The food prepared and eaten on a high-altitude hike or trek is like nothing else you may be used to. High-carbohydrates, low-fat diets are usually the rule. Carbohydrates help replace depleted muscle glycogen stores, and require less oxygen for metabolism. A person can expend as much as 6,000 calories a day (almost two pounds a week) depending on the altitude and temperature extremes…a weight-watchers dream come true because the food is rarely tasty.
This trek was no exception. The cooks try their best and it’s not easy cooking at altitude but the food was generally awful. (My comments only, feel free to disagree.) A high-altitude trek cook always prepares a hot cereal for breakfast. Cream of Wheat, Oats, Kasha…whatever it was and no matter how I tried to make it palatable with honey, brown sugar, white sugar, syrup…anything …nothing helps because I just detest hot cereals.
Other breakfast foods were mashed potatoes and spaghetti. This…I like, but not at breakfast. If you’ve ever climbed above 10,000′, you may be familiar with the morning nausea and headaches associated with mild altitude sickness. At least we are. Neither ex-Marine nor I could stomach mashed potatoes or spaghetti at 6:00 a.m. (lunch yes, breakfast, no) and lived on cookies/biscuits for breakfast. The nausea would disappear when we began hiking and not reappear until the next morning.

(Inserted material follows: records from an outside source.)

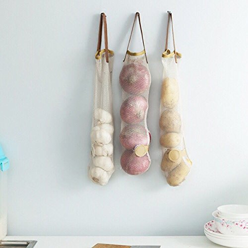 - Great to storing fruit, garlic or SMALLER ONIONS, potato ect; Breathable and hanging mesh bag design, waterproof,mould proof.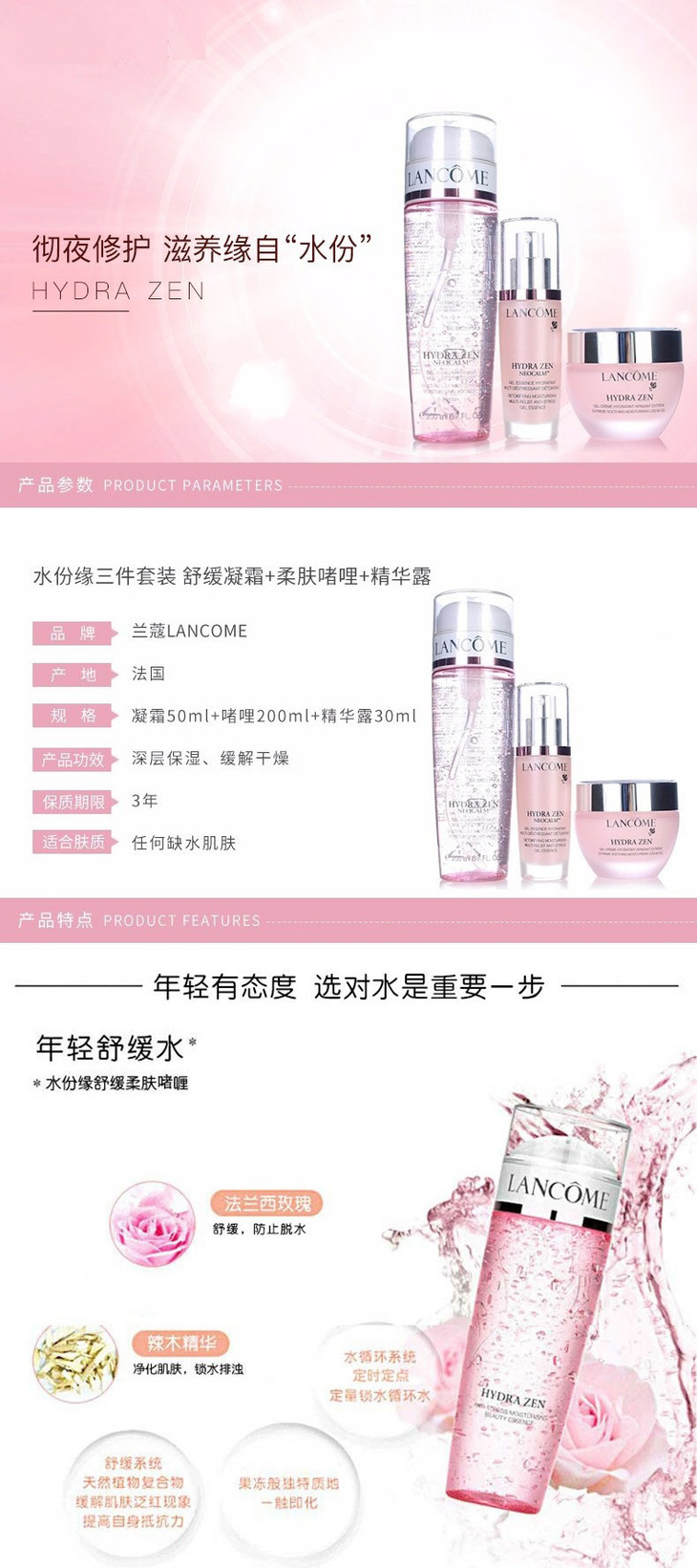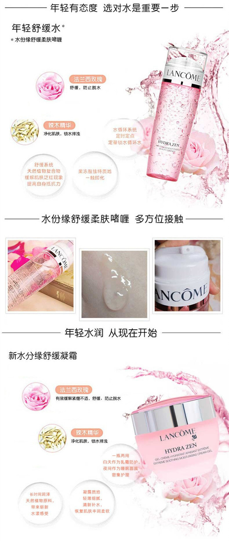 【海关保税直发】Lancome兰蔻水分缘三件套/啫喱凝霜精华--会员5折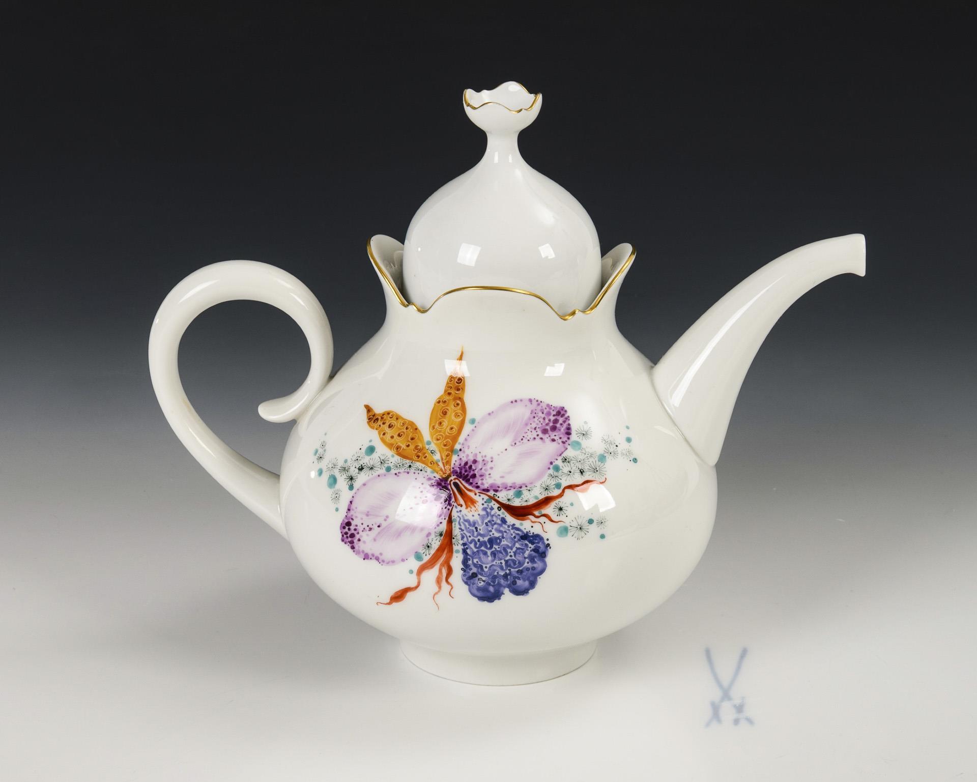 Teapot "Colorful Orchid". Meissen.

Lunch was the highlight of each day. Whether or not it was a perch on the rocks or in an open meadow, our cook made wonderful salads with tomatoes bursting with flavor, and had brought lots of sweet, juicy Kyrgyz melons. To this day, I wonder why all the flavor and taste has gone out of our tomatoes and melons at home. Lunches were wonderful until we ran out of tomatoes and melons.


Dinners? More Carbohydrates. Spaghetti, rice, mashed potatoes, unidentifiable meats and more melons. Starving by this time and feeling better, it didn’t make any difference what was on the table or how it tasted, but the food did get worse with each passing day.
You may have noticed the traditional white felt hats kalpaks the Kyrgyz crew is wearing in the photos. It wasn’t long before the entire group went on a major buying spree and ended up wearing these distinctive hats.. more later on the hats…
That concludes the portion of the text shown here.